Could you give back exactly the lines below from the one with "ㅂㅅ들 욕하는데 애먼" through the one with "Experience modern elegance", without a single picture?

> Extracted records
++++++++++
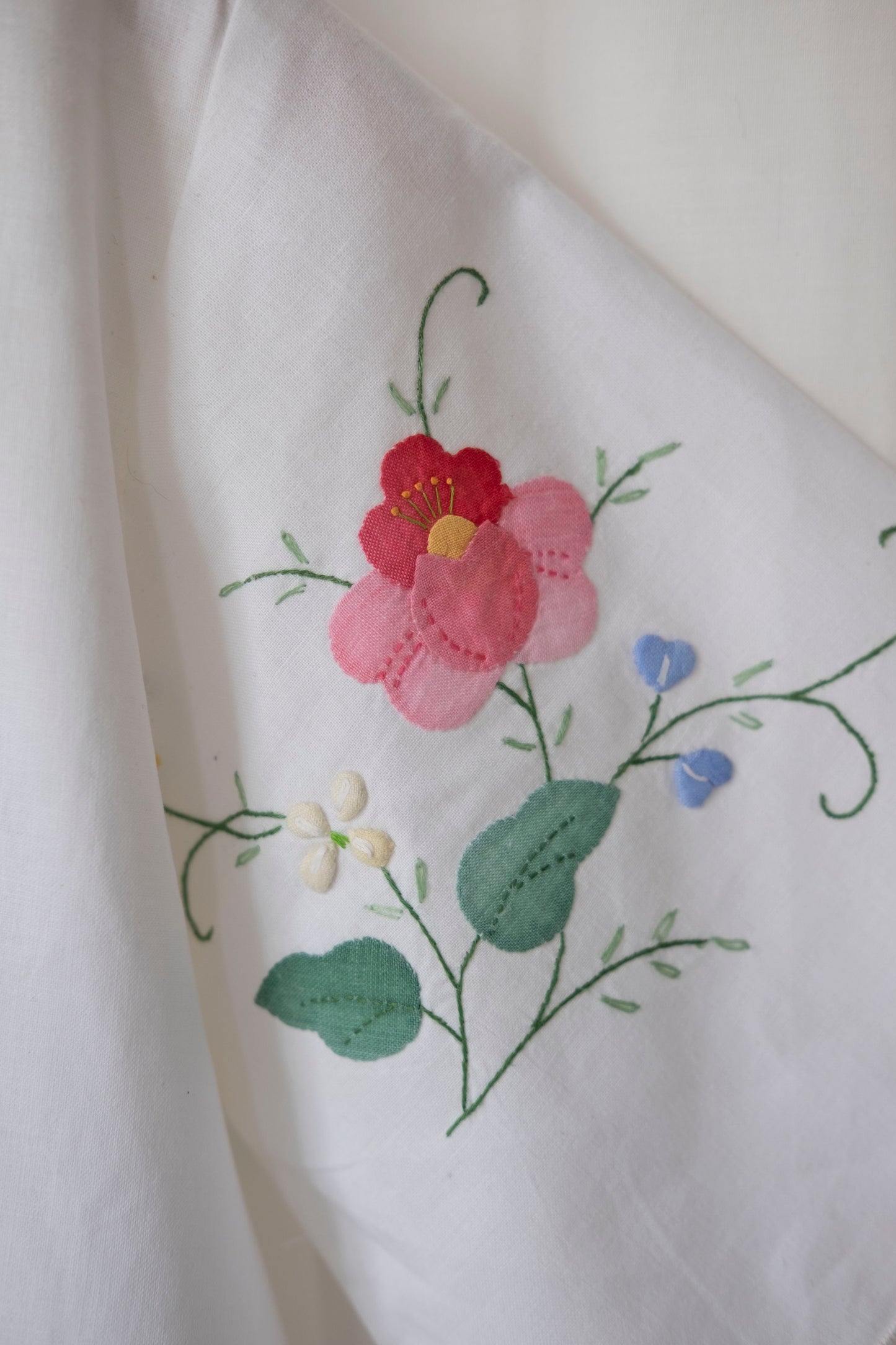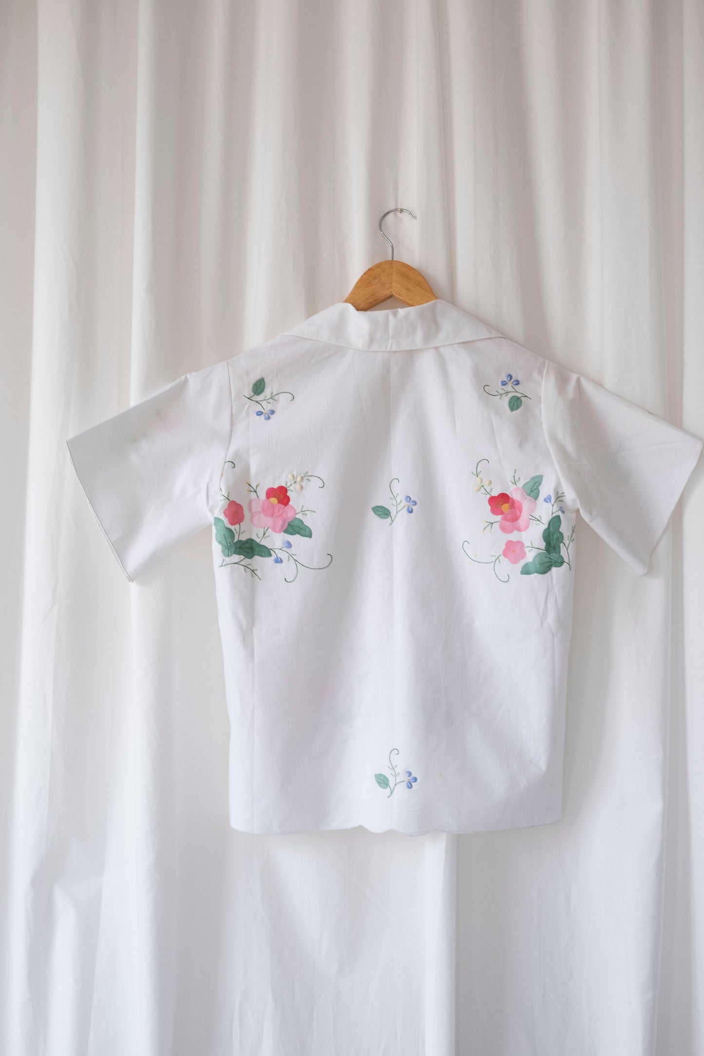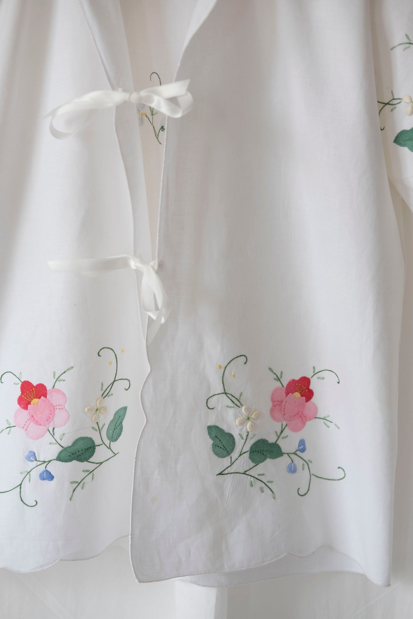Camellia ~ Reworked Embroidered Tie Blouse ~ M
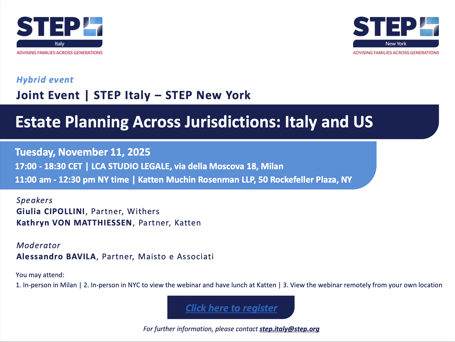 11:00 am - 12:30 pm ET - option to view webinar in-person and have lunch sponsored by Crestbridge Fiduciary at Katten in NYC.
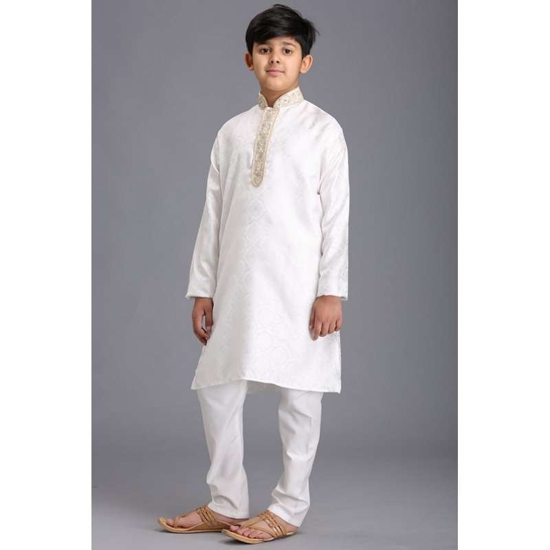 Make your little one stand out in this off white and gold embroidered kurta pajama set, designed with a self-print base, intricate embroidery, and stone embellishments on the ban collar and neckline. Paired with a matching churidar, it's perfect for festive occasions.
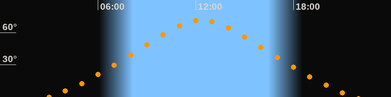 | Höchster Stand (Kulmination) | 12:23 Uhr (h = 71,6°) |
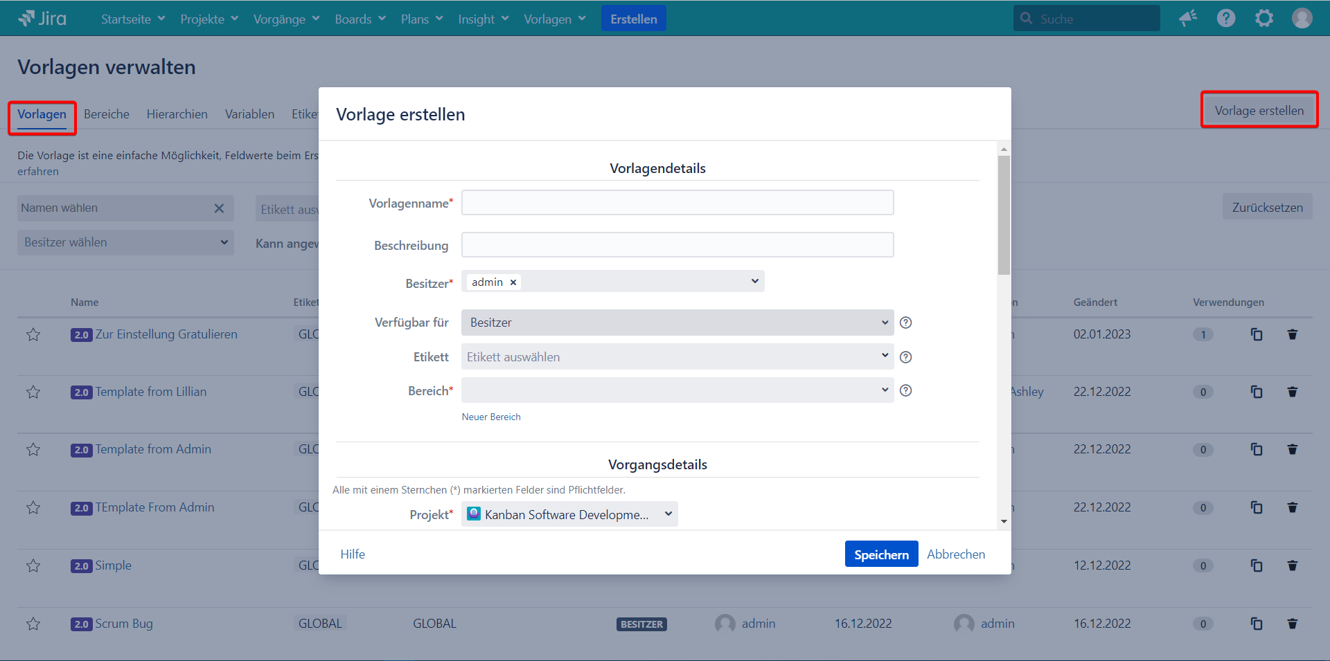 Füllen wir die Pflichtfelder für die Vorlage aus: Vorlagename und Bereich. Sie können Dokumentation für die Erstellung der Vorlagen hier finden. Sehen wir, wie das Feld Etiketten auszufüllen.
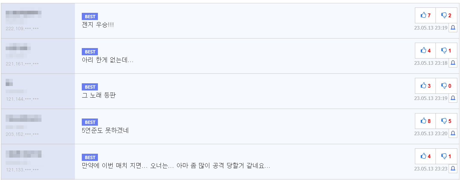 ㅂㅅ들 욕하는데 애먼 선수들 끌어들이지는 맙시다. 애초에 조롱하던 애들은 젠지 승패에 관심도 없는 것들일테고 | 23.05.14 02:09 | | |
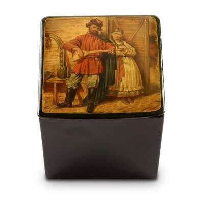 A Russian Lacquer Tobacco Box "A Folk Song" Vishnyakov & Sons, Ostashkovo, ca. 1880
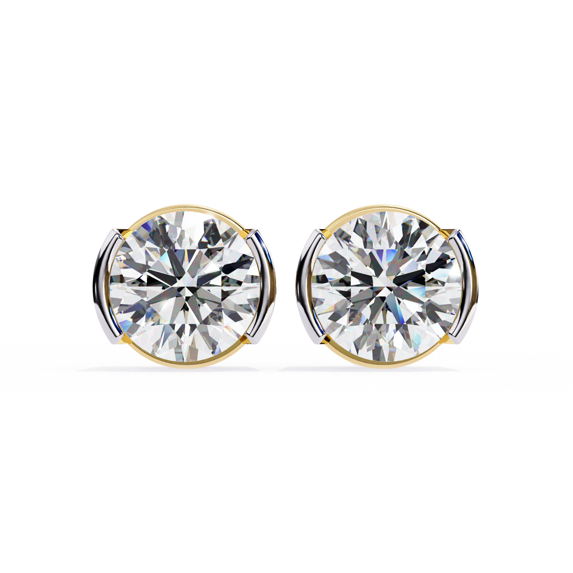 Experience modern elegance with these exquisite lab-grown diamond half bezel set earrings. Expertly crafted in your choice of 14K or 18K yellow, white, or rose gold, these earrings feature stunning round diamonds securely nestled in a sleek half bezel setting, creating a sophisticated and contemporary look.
++++++++++
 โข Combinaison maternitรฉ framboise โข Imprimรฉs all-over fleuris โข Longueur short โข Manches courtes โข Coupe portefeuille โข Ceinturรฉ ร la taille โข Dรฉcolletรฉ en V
++++++++++
> Result of this task
 ㅂㅅ들 욕하는데 애먼 선수들 끌어들이지는 맙시다. 애초에 조롱하던 애들은 젠지 승패에 관심도 없는 것들일테고 | 23.05.14 02:09 | | |
 A Russian Lacquer Tobacco Box "A Folk Song" Vishnyakov & Sons, Ostashkovo, ca. 1880
 Experience modern elegance with these exquisite lab-grown diamond half bezel set earrings. Expertly crafted in your choice of 14K or 18K yellow, white, or rose gold, these earrings feature stunning round diamonds securely nestled in a sleek half bezel setting, creating a sophisticated and contemporary look.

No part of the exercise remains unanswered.